SUMMARY OF KEY FINDINGS

In 3 cohort studies and 1 case-control study, greater preevent muscle flexibility, stretching, or flexibility training (ie, duration, frequency) was not predictive of who developed EAMC during competition. In one study, athletes who developed EAMC actually stretched more often and 9 times longer (9.8 [23.8] min/wk) than noncrampers (1.1 [2.5] min/wk).

CLINICAL BOTTOM LINE

There is minimal evidence that the frequency or duration of prophylactic stretching or flexibility training predicts which athletes developed EAMC during competition. To more effectively prevent EAMC, clinicians should identify athletes' unique intrinsic and extrinsic risk factors and target those risk factors with interventions.
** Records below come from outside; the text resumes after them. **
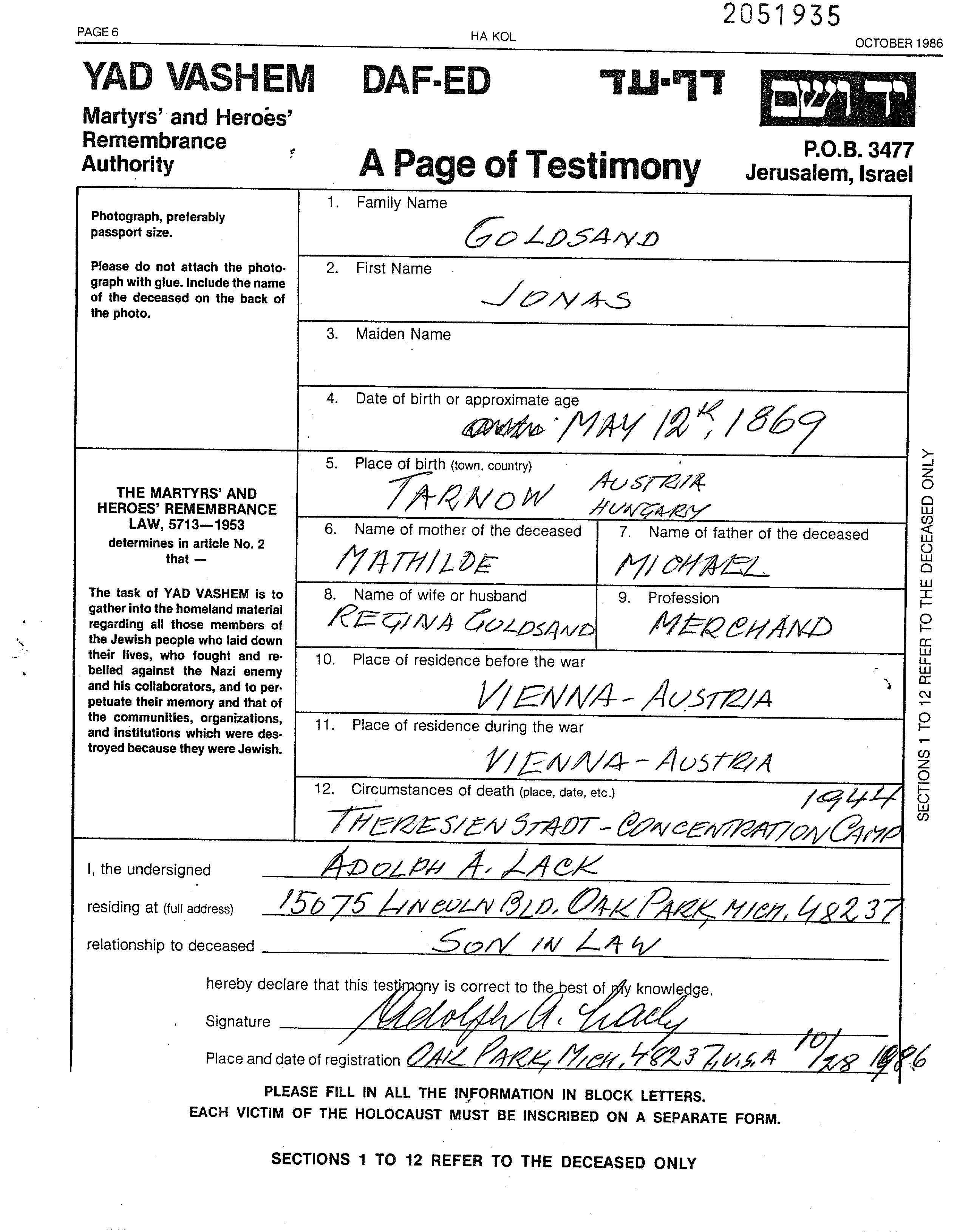 Иона Маркус Гольдзанд, место рождения: Тарнув, Польша. Место жительства до войны: Вена, Австрия.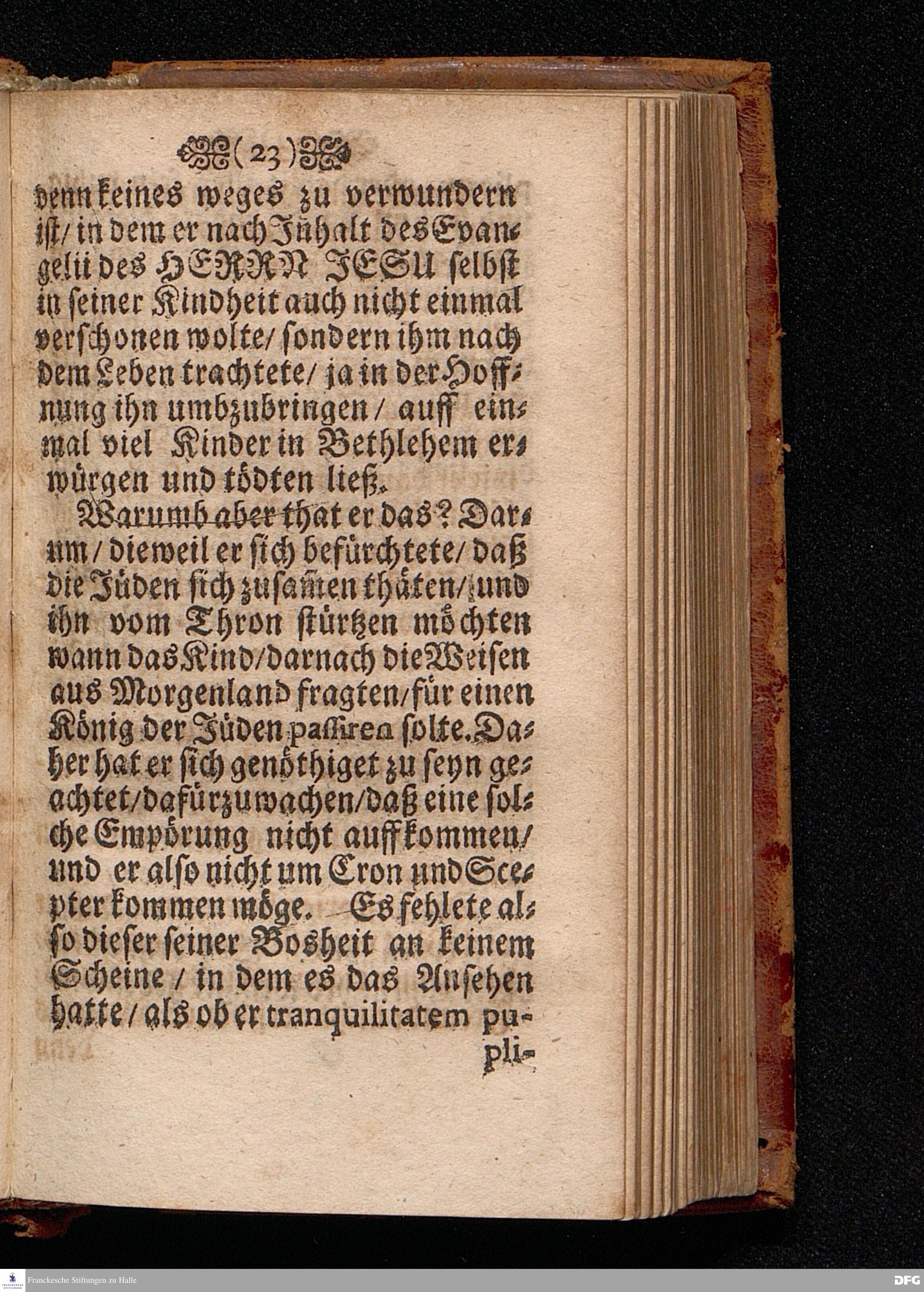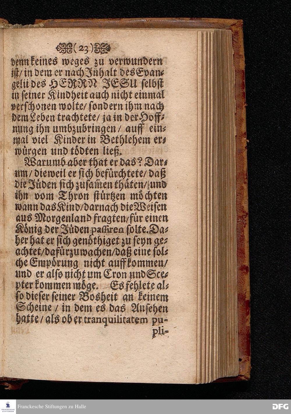 Das Geheimniß der Boßheit Am Fest der Erscheinung Anno 1699 in einer Predigt Uber das Evangelium Matth.II.v.1-12. In der St.Georgen Kirche zu Glaucha an Halle vorgestellet von August Hermann Francken S.S.Theol.P.Ord.& P.Glauch. HALLE / Druckts Christian Henckel / Univ.Buchdr.1701.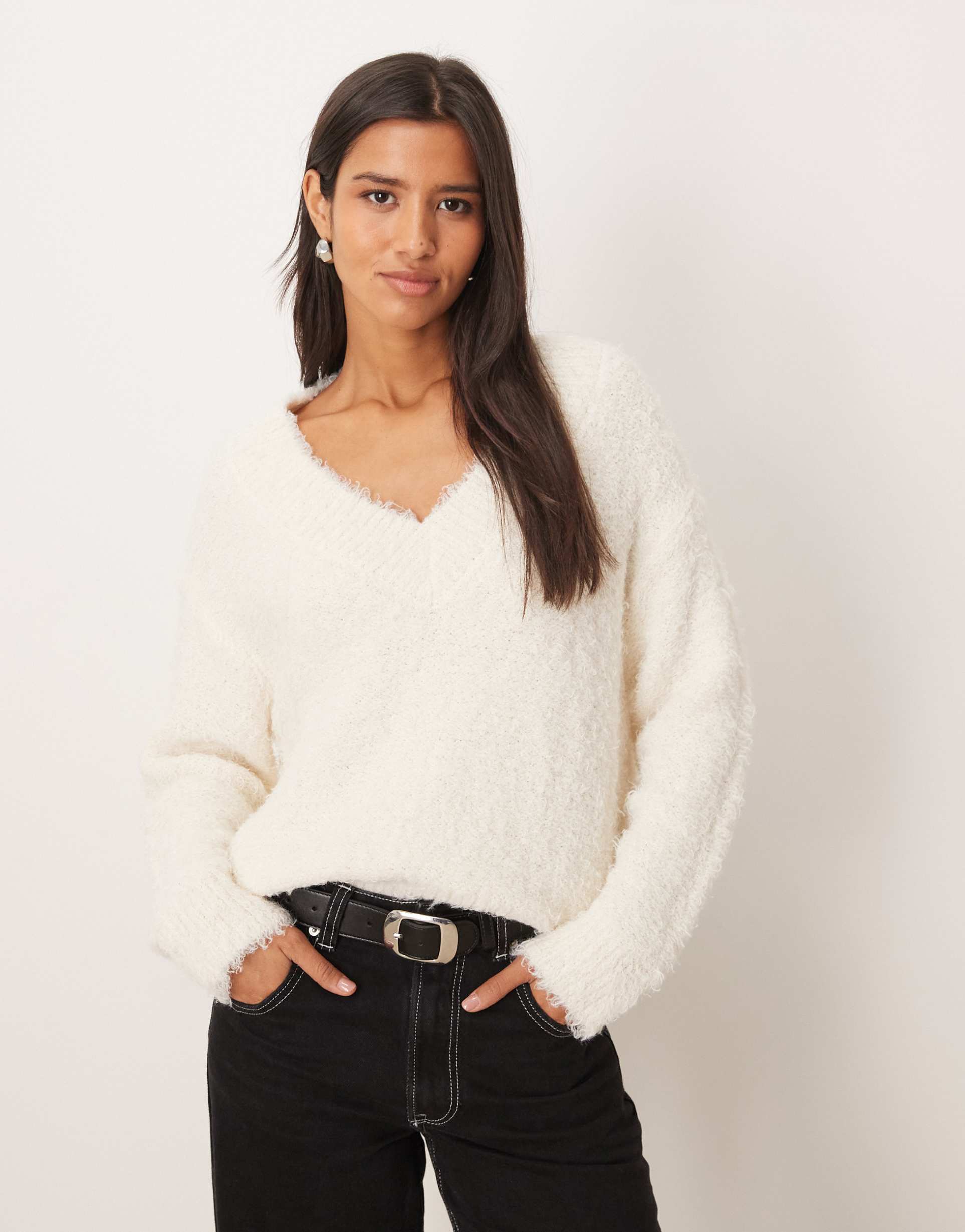 MANGO V NECK FLUFFY SWEATER IN WHITE

STRENGTH OF RECOMMENDATION

Minimal evidence from 3 prospective cohort studies and 1 case-control study (mostly level 3 studies) that suggests prophylactic stretching or flexibility training can predict which athletes develop EAMC during athletic competitions.

摘要

临床情况

运动相关性肌肉痉挛(EAMC)是在体力活动期间或之后,骨骼肌突然、疼痛和不由自主地收缩。EAMC 的最佳治疗方法是温和的静态伸展,直到痉挛缓解。伸展被认为通过正常化α运动神经元控制来缓解 EAMC,特别是通过增加高尔基肌腱器官的活动,并使收缩蛋白物理分离。然而,目前尚不清楚伸展或柔韧性训练是否通过相同的机制预防 EAMC。尽管如此,许多临床医生认为预防性伸展可以预防 EAMC 的发生。

临床问题

在体育活动中经历 EAMC 的运动员是否比在比赛中没有发生 EAMC 的运动员进行更少的预防性伸展或柔韧性训练?

主要发现总结

在 3 项队列研究和 1 项病例对照研究中,比赛前肌肉柔韧性、伸展或柔韧性训练(即持续时间、频率)更大并不能预测谁会在比赛中发生 EAMC。在一项研究中,实际上发生 EAMC 的运动员比非痉挛者更频繁地伸展,且伸展时间长 9 倍(9.8[23.8]分钟/周)。

临床结论

几乎没有证据表明预防性伸展或柔韧性训练的频率或持续时间可以预测哪些运动员在比赛中会发生 EAMC。为了更有效地预防 EAMC,临床医生应确定运动员独特的内在和外在风险因素,并针对这些风险因素进行干预。

推荐强度

来自 3 项前瞻性队列研究和 1 项病例对照研究(主要是 3 级研究)的低证据表明,预防性伸展或柔韧性训练可以预测哪些运动员在运动比赛中会发生 EAMC。